Gbowee, 39, a social worker by training, helped unite Christian and Muslim women against warlords in her country. The campaign is believed to have helped end 13 years of conflict.
Gbowee founded the non-profit group, Women of Liberian Mass Action for Peace, which confronted warlords and then-President Charles Taylor. Members demonstrated in white t-shirts, a color meant to symbolize their non-violent approach. At one point, the women held a sex strike, refusing to have sex with their husbands until the unrest ended.
The group pressured Taylor to attend peace talks and some of its members blocked rival factions from leaving a room during those negotiations.
More than 250,000 people were killed before the war came to an end in 2003.
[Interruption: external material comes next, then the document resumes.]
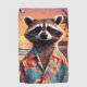 Funny Racoon wearing a hawaiian shirt on a beautiful beach.
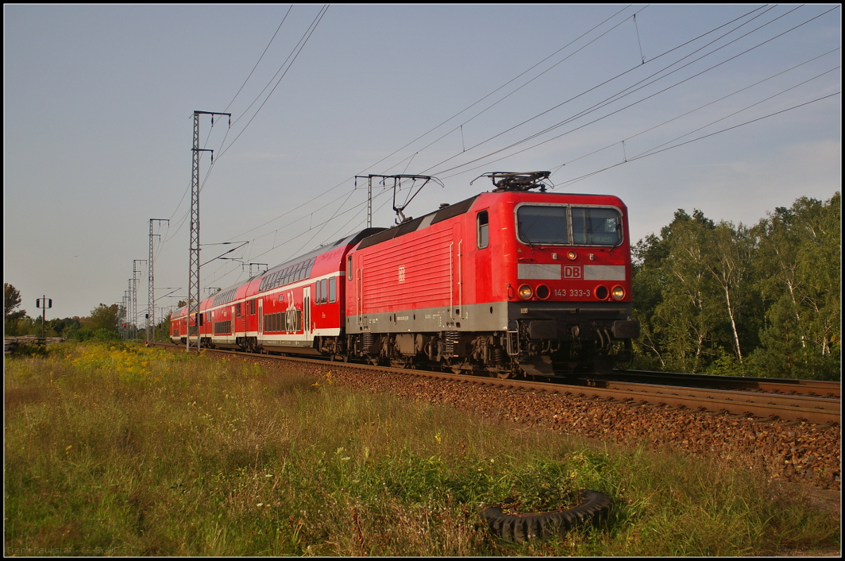 ODEG ET 445.108 / 445 108-4 fuhr am Abend des 30.08.2017 als RE2 Cottbus durch die Berliner Wuhlheide

In her autobiography 'Mighty Be Our Powers,' Gbowee described the group as an army of women in white who stood up, unafraid, to raise their voices to end war and restore sanity to their country.
Gbowee currently heads the Women, Peace and Security Network Africa, based in Accra, Ghana.
She has won the Nobel Peace Prize along with Liberian President Ellen Johnson Sirleaf and Yemen's Arab Spring activist Tawakkul Karman.